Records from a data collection

********

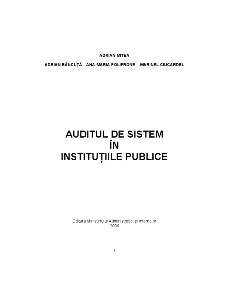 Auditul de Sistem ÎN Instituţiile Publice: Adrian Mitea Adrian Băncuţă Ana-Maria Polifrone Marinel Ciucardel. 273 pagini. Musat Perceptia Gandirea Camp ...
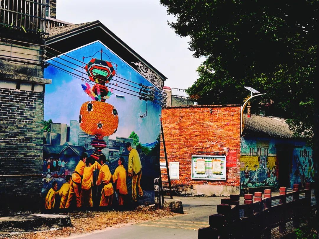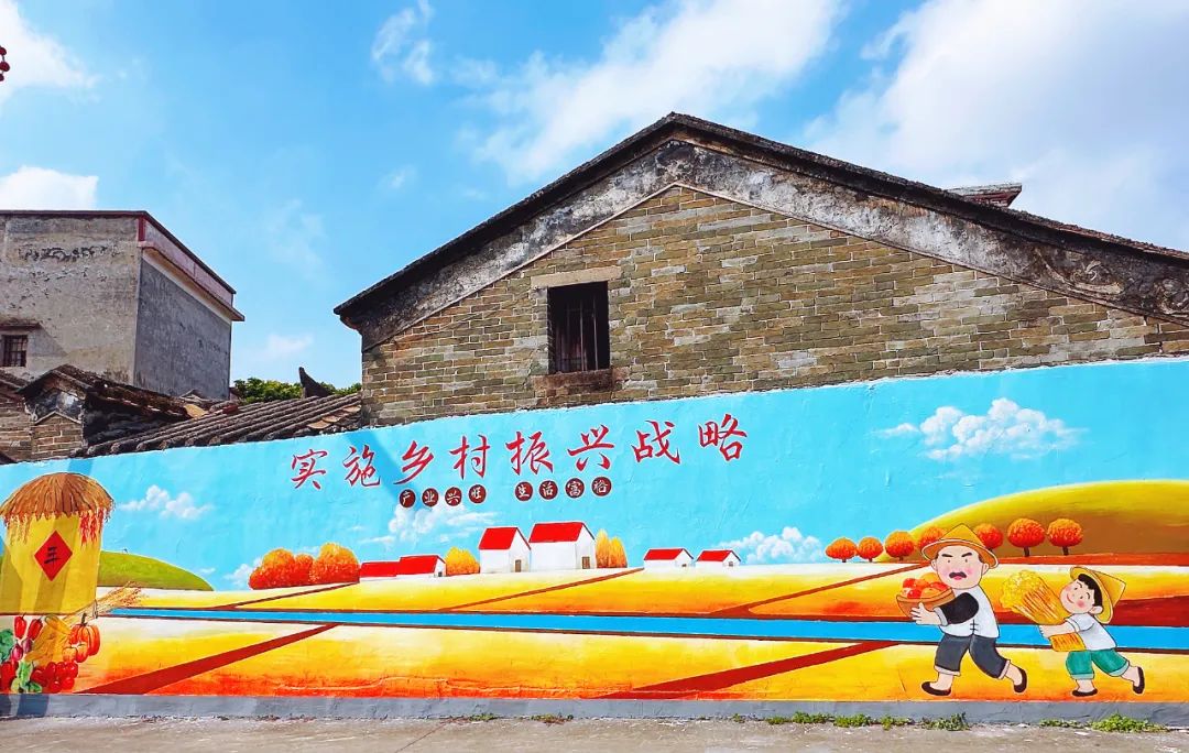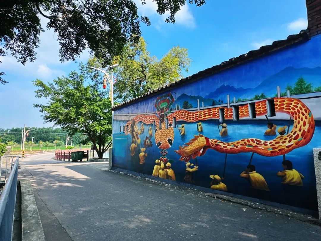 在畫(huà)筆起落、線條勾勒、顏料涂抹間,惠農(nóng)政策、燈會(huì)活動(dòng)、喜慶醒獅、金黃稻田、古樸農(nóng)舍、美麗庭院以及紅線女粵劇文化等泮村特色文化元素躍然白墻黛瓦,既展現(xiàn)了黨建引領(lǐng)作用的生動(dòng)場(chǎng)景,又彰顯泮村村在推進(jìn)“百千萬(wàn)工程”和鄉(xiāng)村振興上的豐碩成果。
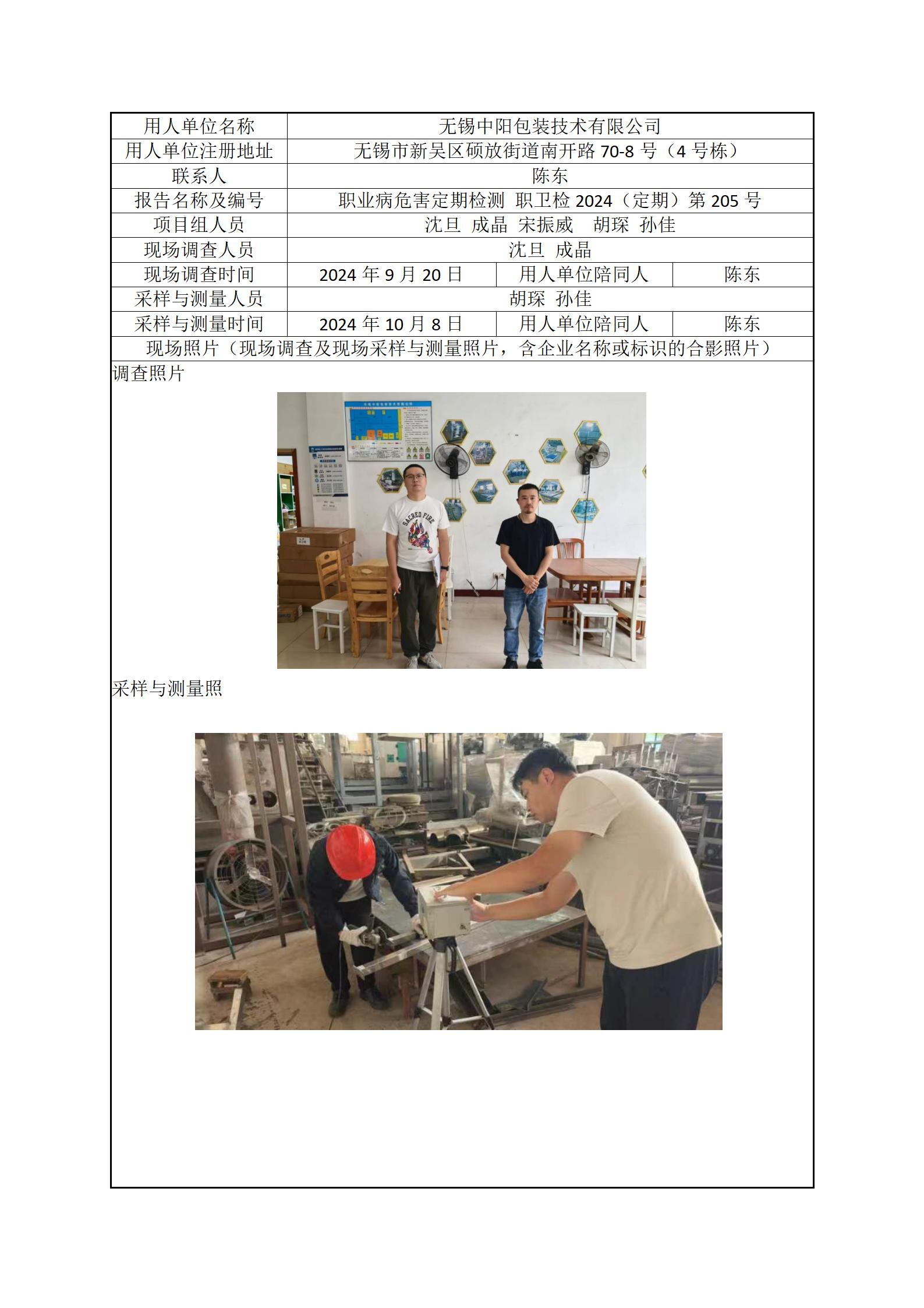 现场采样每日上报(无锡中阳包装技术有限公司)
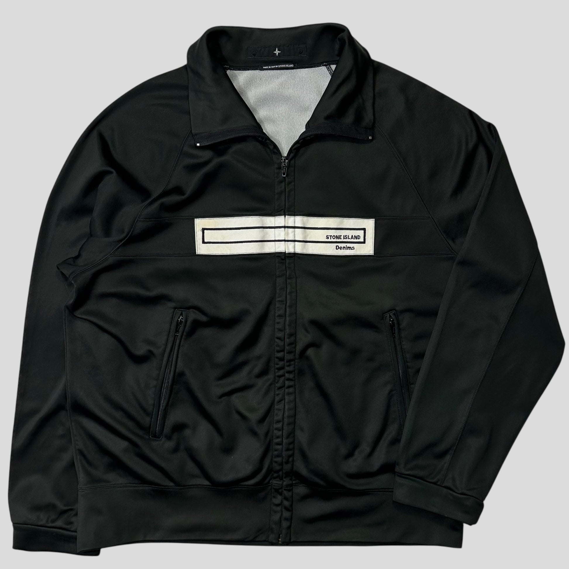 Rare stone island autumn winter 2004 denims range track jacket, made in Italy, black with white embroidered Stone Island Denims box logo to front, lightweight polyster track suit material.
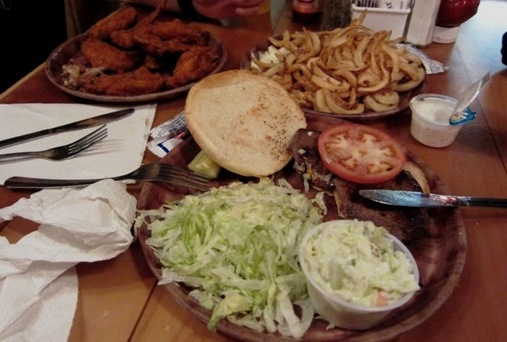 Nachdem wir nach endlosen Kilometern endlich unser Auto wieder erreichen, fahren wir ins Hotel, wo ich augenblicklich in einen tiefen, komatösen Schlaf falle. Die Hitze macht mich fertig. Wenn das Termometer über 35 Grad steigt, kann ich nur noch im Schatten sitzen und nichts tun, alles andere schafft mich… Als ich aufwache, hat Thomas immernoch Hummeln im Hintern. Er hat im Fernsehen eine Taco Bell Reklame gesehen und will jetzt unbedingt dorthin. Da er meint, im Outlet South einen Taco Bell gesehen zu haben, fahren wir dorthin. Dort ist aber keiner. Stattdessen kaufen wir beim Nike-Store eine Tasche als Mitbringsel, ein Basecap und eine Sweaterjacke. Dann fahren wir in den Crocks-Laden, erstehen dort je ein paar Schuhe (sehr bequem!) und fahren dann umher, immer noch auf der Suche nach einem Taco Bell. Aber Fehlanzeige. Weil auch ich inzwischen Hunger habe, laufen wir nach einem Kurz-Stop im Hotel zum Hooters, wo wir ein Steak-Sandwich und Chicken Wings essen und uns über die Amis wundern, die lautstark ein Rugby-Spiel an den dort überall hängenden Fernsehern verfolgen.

********

> _Prompt_
A clean copy is needed of the lines above from the one with "现场采样每日上报(无锡中阳包装技术有限公司)" up to and including the one with "Rare stone island". Please set it down exactly, with no pictures.

> _Problem solution_
 现场采样每日上报(无锡中阳包装技术有限公司)
 Rare stone island autumn winter 2004 denims range track jacket, made in Italy, black with white embroidered Stone Island Denims box logo to front, lightweight polyster track suit material.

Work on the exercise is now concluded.